§ **Assigned task**: Go through the listing below and write out exactly the lines from the one that mentions "To ensure that" through the one that mentions "3月22日中午,在江浦校区行", minus the pictures.

§ **Recorded data**:
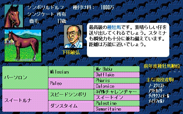 ロマンあふれる馬主の人生を体験できる人気シリーズの第一作。一人の馬主となり、調教師や厩務員、騎手たちとの交流の中で強い競走馬づくりを体験。日本ダービーや天皇賞など大レースへの参加はもちろん、世界最高峰のレース「凱旋門賞」での出走を目指します。
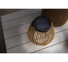 La COPPA La lámpara solar portátil es una opción de iluminación elegante y ecológica, con un elegante acabado negro complementado con detalles de ratán tejido. Esta lámpara inalámbrica que funciona con energía solar combina la estética con la portabilidad, lo que la convierte en una opción de iluminación elegante y versátil para sus áreas al aire libre.
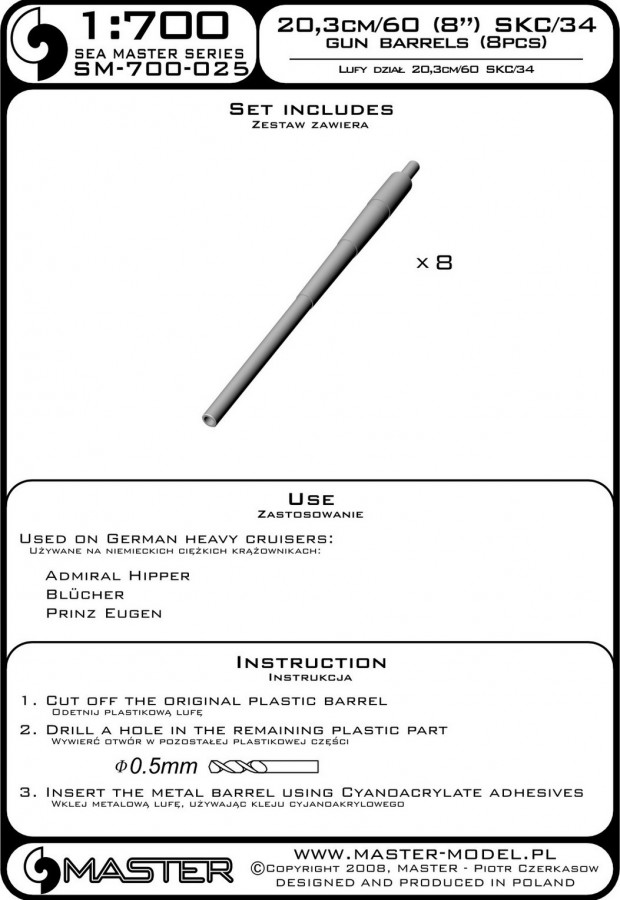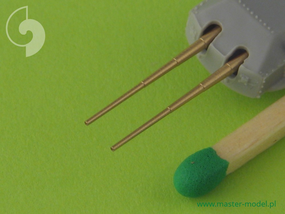 The set includes turned brass barrels. It is very simple to use in Your model, and makes it extremely realistic. Simply cut off the original plastic barrel and drill a hole in the remaining part and insert the metal barrel using Cyanoacrylate adhesives.
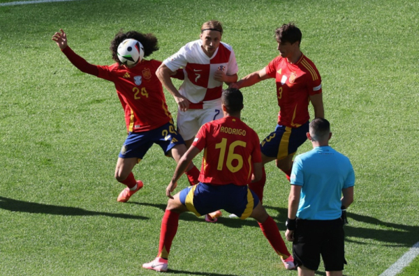 Fudbaleri Španije i Hvrtaske igraju prvi meč na EURO u grupi B, a već posle prvog poluvremena "crvena furija" ima ozbiljnu prednost.
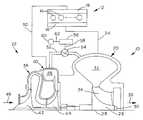 To ensure that a positive pressure differential exists between twostage compressor22 andturbine20,conduit52 is coupled with twostage compressor22 at a location of maximum total pressure, and is coupled withturbine20 at a location of minimum static pressure. According to principals of fluid dynamics, the total pressure at any location within twostage compressor22 orturbine20 is the sum of both the dynamic pressure and the static pressure. The dynamic pressure is a function of the square of the flow velocity at any selected location. Thus, the faster the flow velocity the greater the dynamic pressure and the smaller the static pressure. For example, flow transported through a venturi section increases in velocity resulting in an increased dynamic pressure and decreased static pressure.Conduit52 is coupled with twostage compressor22 andturbine20 to take advantage of these differing pressure components making up the total pressure within either twostage compressor22 orturbine20.Conduit52 is coupled with twostage compressor22 at a location of maximum total pressure and is coupled withturbine20 at a location of minimum static pressure so that compressed air or a fuel/air mixture can be bled from twostage compressor22 toturbine20 over the widest range of operating conditions.
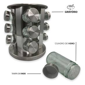 CONTÉM: 01 PORTA CONDIMENTO COM 12 PEÇAS GIRATÓRIO EM AÇO INOX E VIDRO
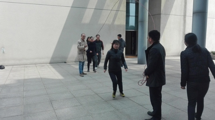 3月22日中午,在江浦校区行政楼与文科楼之间空地上,太阳集团tcy8722分工会积极组织教职工开展跳长绳比赛训练,许多老师得知训练安排后,自觉放弃了中午休息时间,积极地响应院分工会号召,投入到本次训练之中,大家都有这样一种目的,借助于教职工文体活动的平台,促进公司教职工平时的锻炼,加强同事之间的广泛交流,展现太阳集团tcy8722教职工的风采。
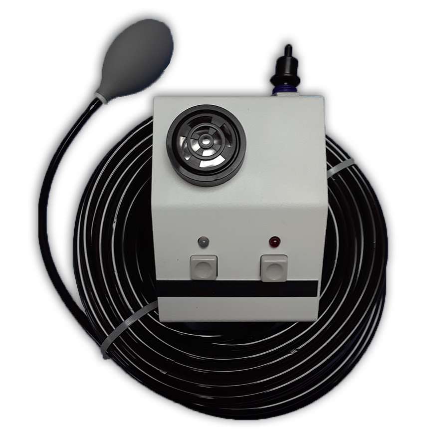 The Magnacoustics MagnaAlarm provides a simple, reliable way for patients to alert MRI technologists during a scan. Designed for use outside the magnetic field, the MagnaAlarm unit connects to a hand squeeze bulb that is placed with the patient inside the scanner room. If the patient experiences discomfort, anxiety, or claustrophobia, a quick squeeze activates the alarm in the control room—immediately alerting the technologist to stop the scan and respond.
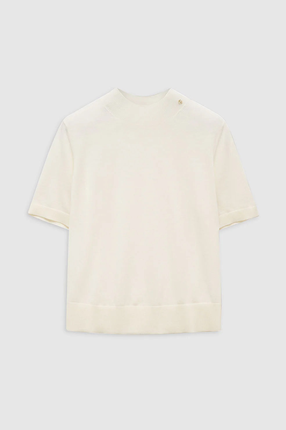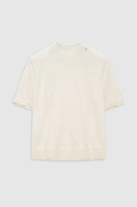 The Monique Sweater is crafted from a luxuriously lightweight wool-cashmere blend in an all-over jersey stitch with soft surface texture. It features contrast ribbed trim at its mock neckline, short sleeves, and hem for a relaxed yet fitted look. Finished with a small hand-tacked ANINE BING monogram charm. The Monique Sweater is cut for a relaxed silhouette with a fitted hem. Take your true size. FIT + MEASUREMENTS The Monique Sweater is cut for a relaxed silhouette with a fitted hem. Take your true size. Model is wearing a size S. Model Measurements: Height: 5'10.5", Bust: 31", Waist: 24", Hips: 34" Product Measurements (Size S): Length: 21", Bust: 20", Sleeve Length: 8.8" MATERIAL + CARE 90% Merino Wool, 10% Cashmere Dry clean Made in China

§ **Your response**:
 To ensure that a positive pressure differential exists between twostage compressor22 andturbine20,conduit52 is coupled with twostage compressor22 at a location of maximum total pressure, and is coupled withturbine20 at a location of minimum static pressure. According to principals of fluid dynamics, the total pressure at any location within twostage compressor22 orturbine20 is the sum of both the dynamic pressure and the static pressure. The dynamic pressure is a function of the square of the flow velocity at any selected location. Thus, the faster the flow velocity the greater the dynamic pressure and the smaller the static pressure. For example, flow transported through a venturi section increases in velocity resulting in an increased dynamic pressure and decreased static pressure.Conduit52 is coupled with twostage compressor22 andturbine20 to take advantage of these differing pressure components making up the total pressure within either twostage compressor22 orturbine20.Conduit52 is coupled with twostage compressor22 at a location of maximum total pressure and is coupled withturbine20 at a location of minimum static pressure so that compressed air or a fuel/air mixture can be bled from twostage compressor22 toturbine20 over the widest range of operating conditions.
 CONTÉM: 01 PORTA CONDIMENTO COM 12 PEÇAS GIRATÓRIO EM AÇO INOX E VIDRO
 3月22日中午,在江浦校区行政楼与文科楼之间空地上,太阳集团tcy8722分工会积极组织教职工开展跳长绳比赛训练,许多老师得知训练安排后,自觉放弃了中午休息时间,积极地响应院分工会号召,投入到本次训练之中,大家都有这样一种目的,借助于教职工文体活动的平台,促进公司教职工平时的锻炼,加强同事之间的广泛交流,展现太阳集团tcy8722教职工的风采。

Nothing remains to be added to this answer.